But the main reason why your estimate does not fit what you see is because
you used a lower bound. And as the name implies, it is a lower bound.
If your measured error would be smaller, that would be reason for
concern.

> There is a simple graphical construction which provides a more intuitive
> explanation of Eq. 6. Consider first how a single ADC measurement can be
> used to predict the zero-crossing time of a sinusoid, which is equivalent
> to a phase measurement. Assume that the measurement is made during a linear
> part of the sine function, e.g., where the sine is between -0.5 and + 0.5 so
> that sin(x) ~= x. Further assume that the ADC measurement yields the integer 
> value n, that is, an amplitude n/2^(N-1) . The exponent N-1 arises since the
> N bits must cover both polarities. Then an extrapolation to the zero
> crossing at time t0 gives

Beside that you limit yourself to only quantization noise, this part
of the analysis is, as an estimate, correct. Though, assuming, withouth
any further explanation, that half of the samples contribute to the zero
crossing measurement is a bit iffy. The real value would be sqrt(2)/2, btw
(simplified to the point it's almost wrong: Half of the estimation "power"
goes to the phase, the other half goes into amplitude, hence sqrt(1/2) of
the samples contribute to the phase)

> This derivation separates the resolution into two factors:
> the single-shot timing resolution ~ 1/2^N and an averaging factor of 1/M .
> Since the predicted resolution of ~= 100 fs is about 10^-6 of the 100 nS
> period of f0 it is important to realize that ~ 10^4 of this (10 pS)
> is due to the ADC timing resolution and only ~10^2 is due to averaging.

Uhmm.. you make here a lot of implicit assumptions about the statistical
properties of the noise involved. None of them are motivated in any way.
And with quite a few I am not sure whether they hold true.

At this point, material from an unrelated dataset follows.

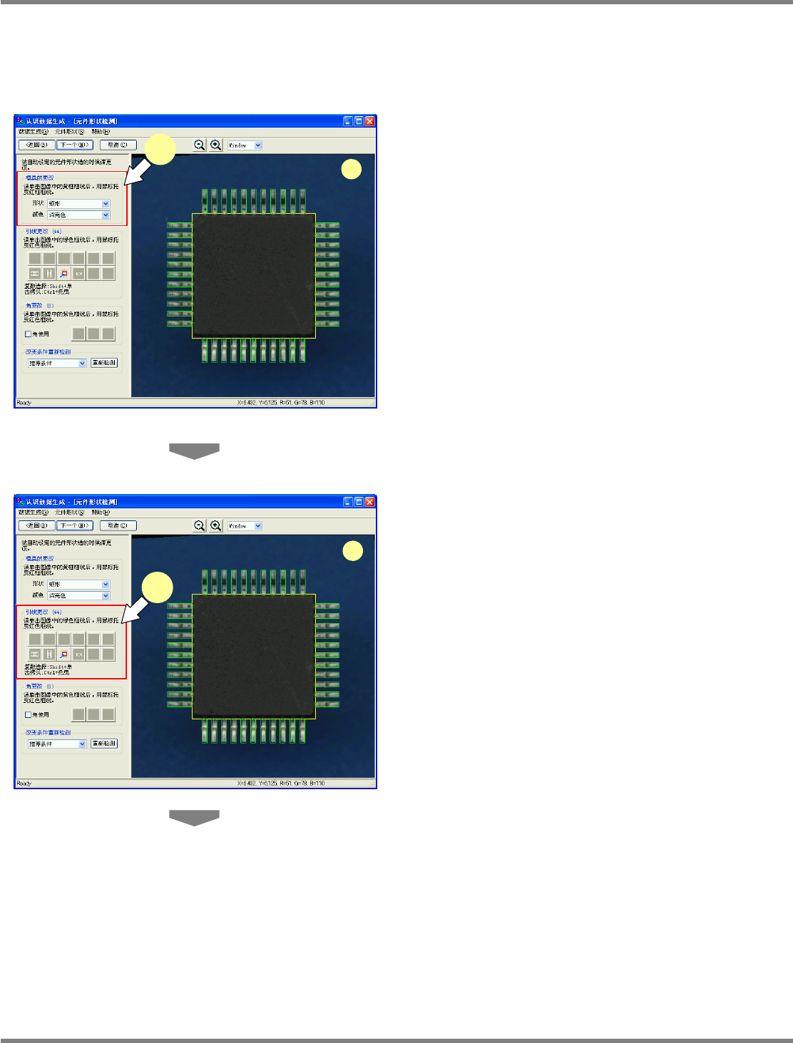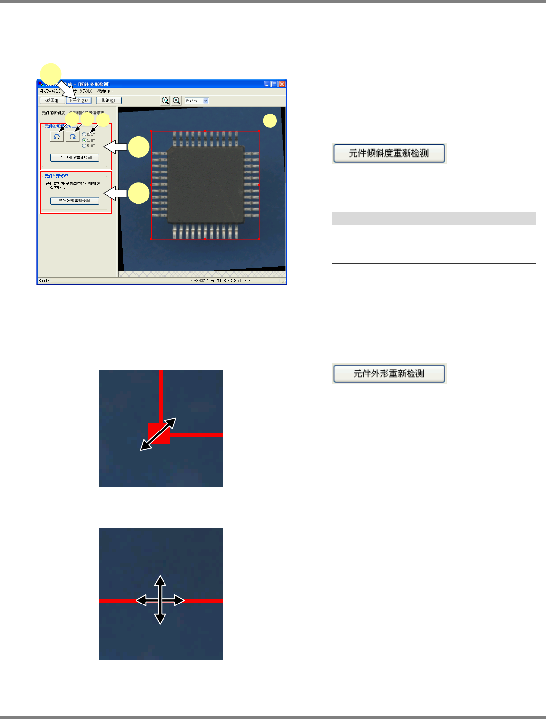 在本操作画面上自动计测元件的倾斜度及外形,并进行补正。有错误时需要靠手工修正。

In general, your method works and does lead to decent results.
But it is not any more computationally efficient than the DMDT or DD
methods. What you do is to hide a lot of the complexity in a scipy
function, which is neither efficient nor fast. Your noise/jitter analysis
lacks lots of mathematical rigor and has a lot of implicit assumptions that
are neither clearly stated nor generally true. Panek did a noise to jitter
analysis in [4] in a setting that is not unlike yours. Even though  his
analysis has problems as well (e.g. he does not account for the numer of
samples taken), he is much closer to the what is going on.
If you adapt his analysis to your case, you would get a much better result.

And a final nitpick: Please use s for seconds instead of sec.
Also, please note that the s is in lower case, i.e. it's ns and µs
not nS or µS. All SI units that are not derived from names are written
in lower case [5].

			Attila Kinali

[1] "The CORDIC Trigonometric Computing Technique*", by Jack E. Volder, 1959

[2] "Oscillator metrology with software defined radio", by Sherman and Jördens,
2016

[3] https://en.wikipedia.org/wiki/Big_O_notation

[4] "Random Errors in Time Interval Measurement Based on SAW Filter
Excitation", by Petr Panek, 2008

[5] https://en.wikipedia.org/wiki/International_System_of_Units#General_rules

-- 
You know, the very powerful and the very stupid have one thing in common.
They don't alters their views to fit the facts, they alter the facts to
fit the views, which can be uncomfortable if you happen to be one of the
facts that needs altering.  -- The Doctor